I don't see how slim fit shirts could possibly flatter anything except the perfect body that almost no one has.


----------



## Bjorn (May 2, 2010)

forsbergacct2000 said:


> I don't see how slim fit shirts could possibly flatter anything except the perfect body that almost no one has.


Do you think mr Astaires shirts have good fit? Or are they cut too big?


----------



## CuffDaddy (Feb 26, 2009)

Bjorn, think about what you are saying. You are arguing that Mr. Astaire, Mr. Connery, and practically every other paragon of style - most or all of whom had their shirts custom made for them - were made and sold shirts that did not fit them.

Rubbish. They fit _exactly_ as the wearers wanted. They _wanted_ "blousing." Blousing when standing is the *only* way for 99.9% of men to avoid strain when seated. The human body changes shape as it moves. What is a touch-fit, or 1mm slack, at parade rest will be under stress when seated, reaching, twisting, or otherwise *doing *things, rather than just posing for pictures.


----------



## Acct2000 (Sep 24, 2005)

Bjorn said:


> Do you think mr Astaires shirts have good fit? Or are they cut too big?


I think they look fine.


----------



## Bjorn (May 2, 2010)

CuffDaddy said:


> Bjorn, think about what you are saying.
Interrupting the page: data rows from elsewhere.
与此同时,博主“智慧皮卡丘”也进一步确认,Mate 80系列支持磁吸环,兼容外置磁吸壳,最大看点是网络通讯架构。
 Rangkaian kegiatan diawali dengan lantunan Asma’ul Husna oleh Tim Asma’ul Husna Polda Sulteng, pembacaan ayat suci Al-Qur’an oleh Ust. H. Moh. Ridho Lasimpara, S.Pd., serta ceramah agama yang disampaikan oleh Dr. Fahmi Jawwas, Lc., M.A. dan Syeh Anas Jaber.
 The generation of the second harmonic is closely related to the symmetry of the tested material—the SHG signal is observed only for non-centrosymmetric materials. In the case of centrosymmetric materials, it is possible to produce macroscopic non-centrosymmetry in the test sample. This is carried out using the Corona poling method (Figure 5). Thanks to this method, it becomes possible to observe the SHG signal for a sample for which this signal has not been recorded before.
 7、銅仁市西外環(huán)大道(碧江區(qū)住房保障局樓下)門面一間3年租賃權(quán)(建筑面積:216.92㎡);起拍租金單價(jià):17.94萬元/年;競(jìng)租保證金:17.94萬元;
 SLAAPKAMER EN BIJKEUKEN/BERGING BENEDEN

You are arguing that Mr. Astaire, Mr. Connery, and practically every other paragon of style - most or all of whom had their shirts custom made for them - were made and sold shirts that did not fit them.
> 
> Rubbish. They fit _exactly_ as the wearers wanted. They _wanted_ "blousing." Blousing when standing is the *only* way for 99.9% of men to avoid strain when seated. The human body changes shape as it moves. What is a touch-fit, or 1mm slack, at parade rest will be under stress when seated, reaching, twisting, or otherwise *doing *things, rather than just posing for pictures.


I agree, I just don't think there has to be quite as much of it as seen in the pictures of Astaire and Connery. And there's a lot more than 1mm slack in TA shirts. My shirts are not uncomfortable to sit in. I work sitting down.
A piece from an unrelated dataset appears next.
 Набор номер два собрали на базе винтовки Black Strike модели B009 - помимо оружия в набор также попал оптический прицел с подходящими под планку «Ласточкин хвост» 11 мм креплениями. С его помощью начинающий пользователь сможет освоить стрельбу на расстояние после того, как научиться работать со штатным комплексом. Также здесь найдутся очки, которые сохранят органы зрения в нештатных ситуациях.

I think that my point is that:
1. TA shirts are not 'slim' fit, and
2. Shirts are often cut slightly slimmer these days than the days of mr Connery and mr Astaire for the same reason that jackets adhere to the shape of the body, namely that outerwear needs to have a flattering fit.

Blousy dress shirts may indeed 'come into fashion' once again, but I would hesitate to use them since I don't find them as comfortable. I own 2 that I use, I'm just not as happy with them.

To each his own...


----------



## unmodern (Aug 10, 2009)

Obviously this argument gets carried out on the extremes. There are two separate issues, body size and subjective fit. Different people have different amount of meat on their bones---hence the need for different fits.

But within a given body proportion, people disagree about how much loose fabric there ought to be. In the past, there was more than is fashionable now, for the reasons Bjorn mentions: for lots of average shlubs, a button-down shirt is about as formal as it gets.

Now I'm pretty slim (5'9, 135 lbs), but I don't want my shirts to be form-fitting. I wear BB Slim Fit because it gives me the fit that BB Trad fit would give someone of heftier proportions. So I would say that I and the hefty Trad-fit-wearer largely agree about how shirts should fit. Now, BB Extra Slim is for hipsters and other anorexics. No way around it.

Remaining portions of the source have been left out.